▶ **About this task**
Reproduce the listing below from the line with "これはMetaboardの回" to the line with "Chefman TurboFry Stainless", both lines included, character for character, minus any pictures.

▶ **Supplied data**
- - -

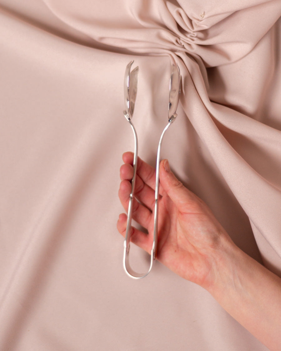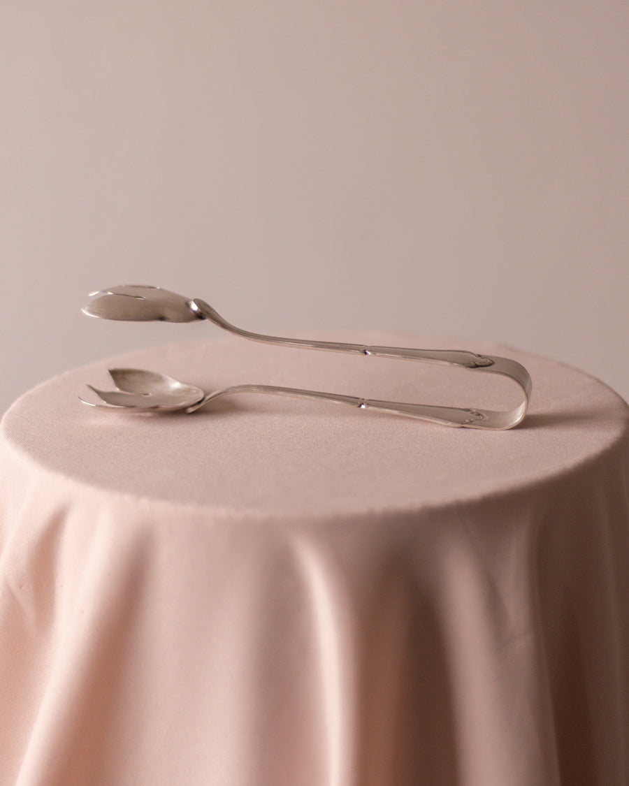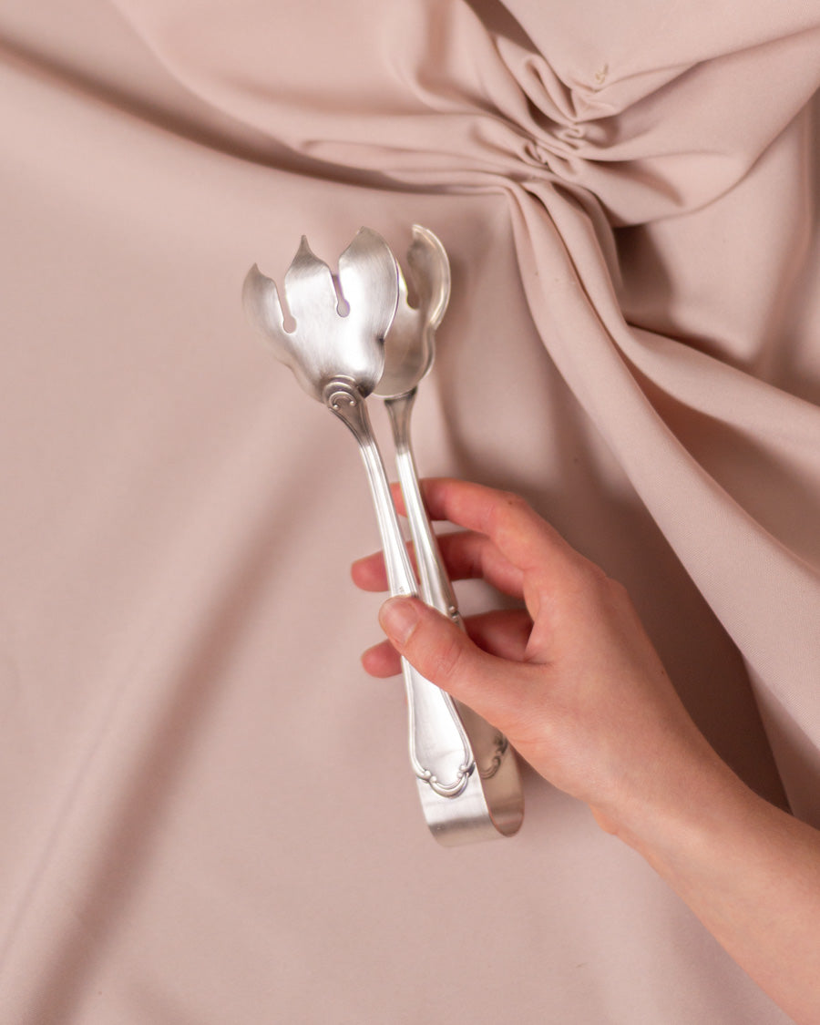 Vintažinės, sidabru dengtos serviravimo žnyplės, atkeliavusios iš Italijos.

- - -

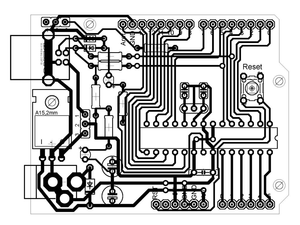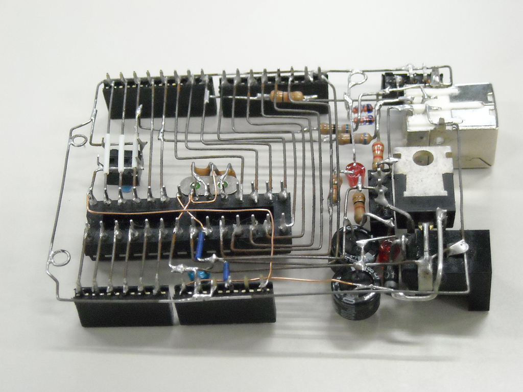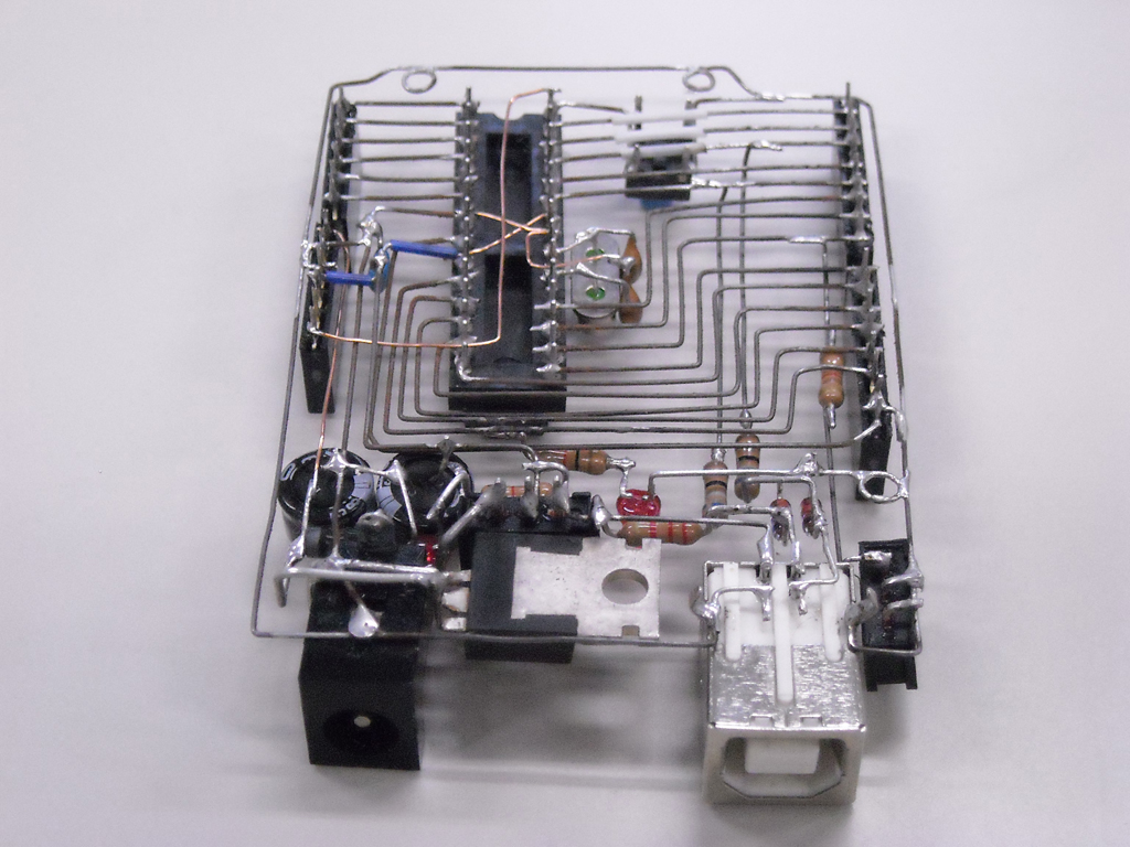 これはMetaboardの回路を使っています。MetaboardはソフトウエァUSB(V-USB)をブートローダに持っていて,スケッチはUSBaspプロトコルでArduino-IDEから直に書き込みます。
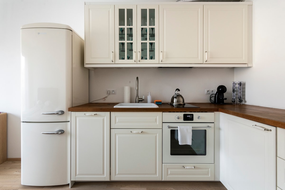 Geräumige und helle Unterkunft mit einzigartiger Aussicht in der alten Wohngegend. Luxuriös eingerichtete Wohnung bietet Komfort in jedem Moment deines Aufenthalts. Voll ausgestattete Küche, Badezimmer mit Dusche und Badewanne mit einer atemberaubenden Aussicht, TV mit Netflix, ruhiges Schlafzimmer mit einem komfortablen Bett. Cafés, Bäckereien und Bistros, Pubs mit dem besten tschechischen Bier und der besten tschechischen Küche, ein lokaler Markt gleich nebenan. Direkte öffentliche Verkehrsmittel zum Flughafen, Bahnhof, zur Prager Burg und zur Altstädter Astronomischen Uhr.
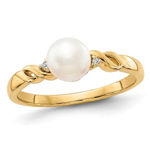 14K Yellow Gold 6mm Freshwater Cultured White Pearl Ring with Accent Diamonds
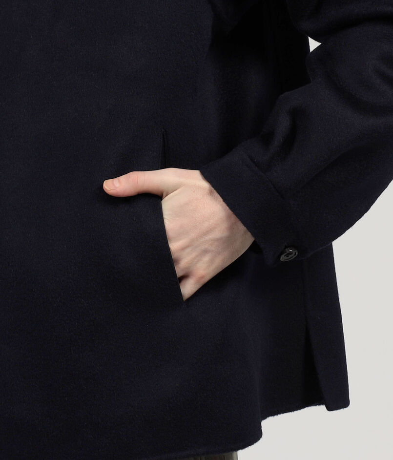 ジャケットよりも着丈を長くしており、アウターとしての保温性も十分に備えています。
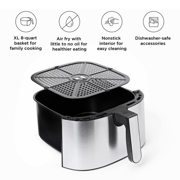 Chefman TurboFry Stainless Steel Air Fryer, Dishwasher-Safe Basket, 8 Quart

- - -

▶ **Response**
 これはMetaboardの回路を使っています。MetaboardはソフトウエァUSB(V-USB)をブートローダに持っていて,スケッチはUSBaspプロトコルでArduino-IDEから直に書き込みます。
 Geräumige und helle Unterkunft mit einzigartiger Aussicht in der alten Wohngegend. Luxuriös eingerichtete Wohnung bietet Komfort in jedem Moment deines Aufenthalts. Voll ausgestattete Küche, Badezimmer mit Dusche und Badewanne mit einer atemberaubenden Aussicht, TV mit Netflix, ruhiges Schlafzimmer mit einem komfortablen Bett. Cafés, Bäckereien und Bistros, Pubs mit dem besten tschechischen Bier und der besten tschechischen Küche, ein lokaler Markt gleich nebenan. Direkte öffentliche Verkehrsmittel zum Flughafen, Bahnhof, zur Prager Burg und zur Altstädter Astronomischen Uhr.
 14K Yellow Gold 6mm Freshwater Cultured White Pearl Ring with Accent Diamonds
 ジャケットよりも着丈を長くしており、アウターとしての保温性も十分に備えています。
 Chefman TurboFry Stainless Steel Air Fryer, Dishwasher-Safe Basket, 8 Quart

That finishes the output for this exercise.